つまり、図29に示すように、押出しレバー39の戻り位置mと切換り位置krとの間のリリース角θにおける押出し側の揺動操作により、ラチェット爪69と操作ギヤ61との咬合及び咬合解除によるワンウェイクラッチ62のONとOFFとの切換え、即ち解除機構oのONとOFFとの切換えが行なわれ、切換り位置krと押出し位置kとの間の実動角αにおける押出し位置kに向う揺動操作により、伝動機構sがONになってテンションギヤ21がバンド送り出し方向に回転してバンド部1が送り出される。そして、押出しレバー39の実動角α及びリリース角θにおける戻り位置mに向う引き戻し側の揺動操作により、ワンウェイクラッチ62がOFFとなって伝動機構sがOFFになり、操作ギヤ61は回転せず、押出しレバー39のみが揺動移動されるのである。

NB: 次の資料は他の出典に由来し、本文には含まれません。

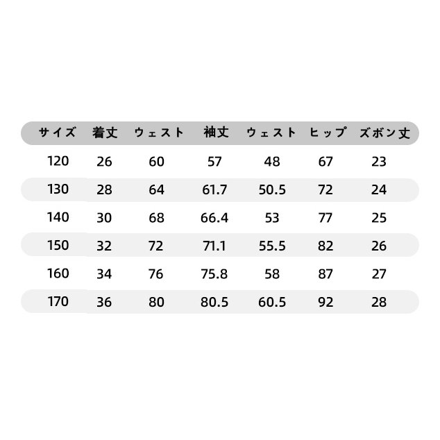 | サイズについての説明 | 【サイズ】 【120】参考身長110-120cm 【130】参考身長120-130cm 【140】参考身長130-140cm 【150】参考身長140-150cm 【160】参考身長150-160cm 【170】参考身長160-170cm 【180】参考身長170-180cm |

この揺動操作式の押出し機構cにおいては、一対のストッパ63,64の位置変更、或いは操作ギヤ61とピニオン67aとのギヤ比変更等の手段により、押出しレバー39の1回の揺動操作に対するバンド部1の先端保持部5からの突出量を変更設定することが可能である。また引締め部aは、手指でバンド部1を直接引張る人為操作式のものでも良く、その場合には、バンド部1を引張るための操作用空間が引締め部aに相当する。